Repeat the listing below line by line, exactly, leaving its pictures behind.

Given material below:

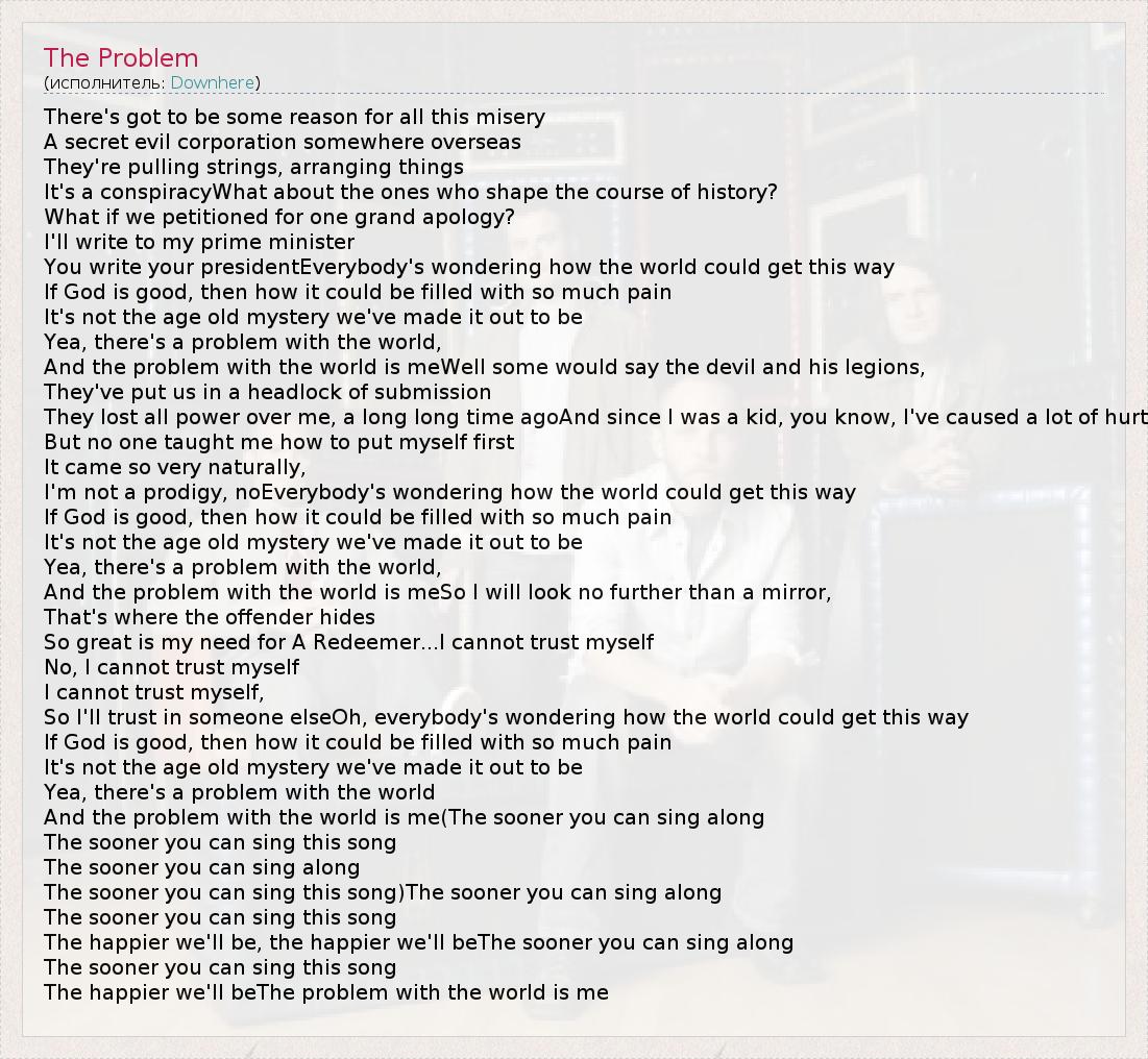 There's got to be some reason for all this misery A secret evil corporation somewhere overseas They're pulling strings, arranging things It's a conspiracyWhat about the ones who shape the course of history? What if we petitioned for one grand apology? I'll write to my prime minister You write your presidentEverybody's wondering how the world could get this way If God is good, then how it could be filled with so much pain It's not the age old mystery we've made it out to be Yea, there's a problem with the world, And the problem with the world is meWell some would say the devil and his legions, They've put us in a headlock of submission They lost all power over me, a long long time agoAnd since I was a kid, you know, I've caused a lot of hurt But no one taught me how to put myself first It came so very naturally, I'm not a prodigy, noEverybody's wondering how the world could get this way If God is good, then how it could be filled with so much pain It's not the age old mystery we've made it out to be Yea, there's a problem with the world, And the problem with the world is meSo I will look no further than a mirror, That's where the offender hides So great is my need for A Redeemer...I cannot trust myself No, I cannot trust myself I cannot trust myself, So I'll trust in someone elseOh, everybody's wondering how the world could get this way If God is good, then how it could be filled with so much pain It's not the age old mystery we've made it out to be Yea, there's a problem with the world And the problem with the world is me(The sooner you can sing along The sooner you can sing this song The sooner you can sing along The sooner you can sing this song)The sooner you can sing along The sooner you can sing this song The happier we'll be, the happier we'll beThe sooner you can sing along The sooner you can sing this song The happier we'll beThe problem with the world is me
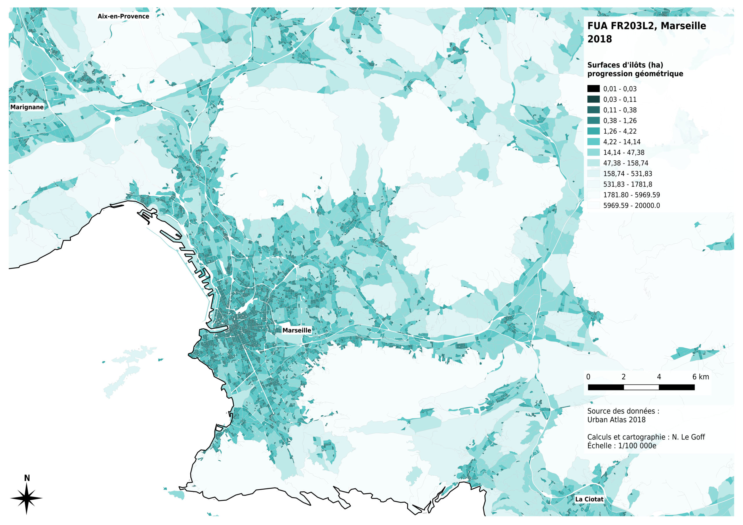 L’analyse de la distribution des données montre que celle-ci n’est pas la même selon les métropoles concernées. La présence de massifs montagneux à proximité de Marseille a des effets sur les surfaces des îlots inclus dans la métropole : certains îlots sont très grands, par comparaison avec les autres cas. La région de Lille présente aussi des îlots ruraux globalement plus petits, probablement du fait de l’histoire de l’occupation du sol à des fins agricoles. Nous avons donc choisi de diminuer les contrastes entre les valeurs claires de notre dégradé de couleurs pour permettre une comparaison visuelle entre les 4 cas analysés.
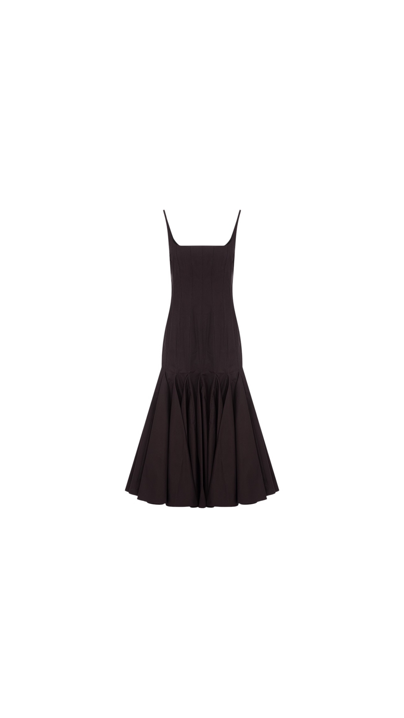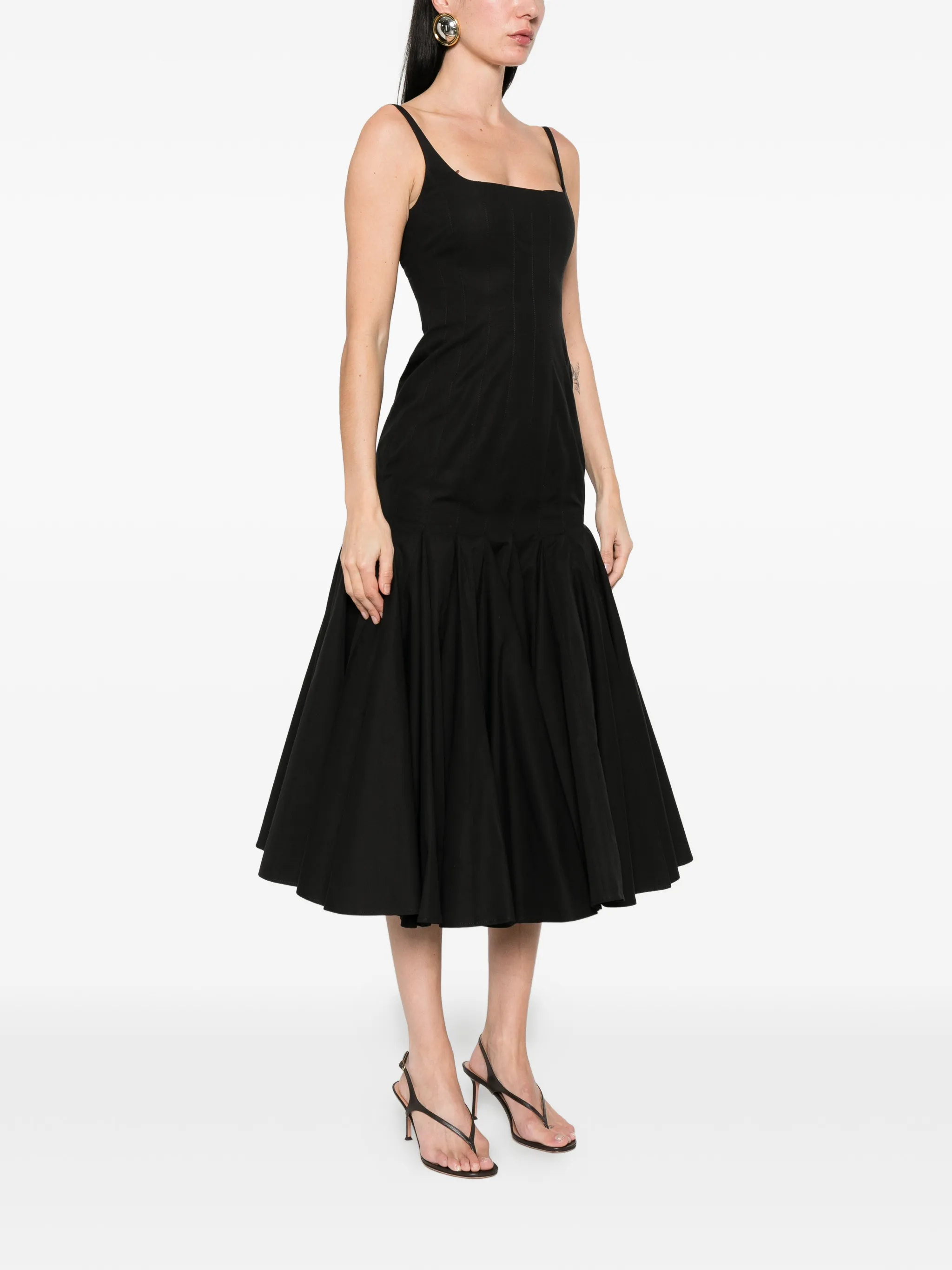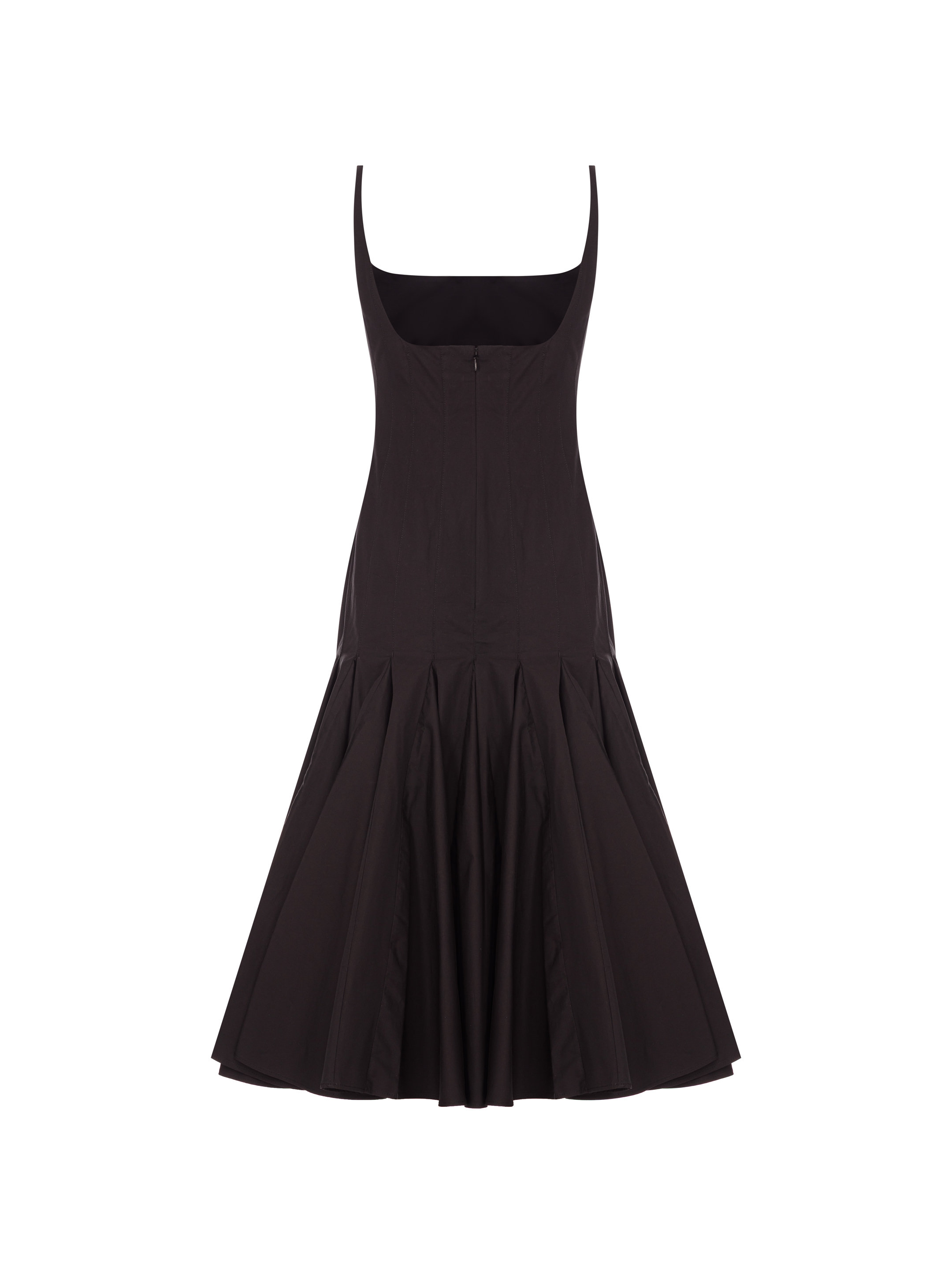 Платье приталенного кроя длины миди на бретелях из хлопкового поплина с U-образным вырезом, застежкой на крючок и молнию сзади дополнено объемной, расклешенной юбкой.

End of Given material.

• _Your solution_:
 There's got to be some reason for all this misery A secret evil corporation somewhere overseas They're pulling strings, arranging things It's a conspiracyWhat about the ones who shape the course of history? What if we petitioned for one grand apology? I'll write to my prime minister You write your presidentEverybody's wondering how the world could get this way If God is good, then how it could be filled with so much pain It's not the age old mystery we've made it out to be Yea, there's a problem with the world, And the problem with the world is meWell some would say the devil and his legions, They've put us in a headlock of submission They lost all power over me, a long long time agoAnd since I was a kid, you know, I've caused a lot of hurt But no one taught me how to put myself first It came so very naturally, I'm not a prodigy, noEverybody's wondering how the world could get this way If God is good, then how it could be filled with so much pain It's not the age old mystery we've made it out to be Yea, there's a problem with the world, And the problem with the world is meSo I will look no further than a mirror, That's where the offender hides So great is my need for A Redeemer...I cannot trust myself No, I cannot trust myself I cannot trust myself, So I'll trust in someone elseOh, everybody's wondering how the world could get this way If God is good, then how it could be filled with so much pain It's not the age old mystery we've made it out to be Yea, there's a problem with the world And the problem with the world is me(The sooner you can sing along The sooner you can sing this song The sooner you can sing along The sooner you can sing this song)The sooner you can sing along The sooner you can sing this song The happier we'll be, the happier we'll beThe sooner you can sing along The sooner you can sing this song The happier we'll beThe problem with the world is me
 L’analyse de la distribution des données montre que celle-ci n’est pas la même selon les métropoles concernées. La présence de massifs montagneux à proximité de Marseille a des effets sur les surfaces des îlots inclus dans la métropole : certains îlots sont très grands, par comparaison avec les autres cas. La région de Lille présente aussi des îlots ruraux globalement plus petits, probablement du fait de l’histoire de l’occupation du sol à des fins agricoles. Nous avons donc choisi de diminuer les contrastes entre les valeurs claires de notre dégradé de couleurs pour permettre une comparaison visuelle entre les 4 cas analysés.
 Платье приталенного кроя длины миди на бретелях из хлопкового поплина с U-образным вырезом, застежкой на крючок и молнию сзади дополнено объемной, расклешенной юбкой.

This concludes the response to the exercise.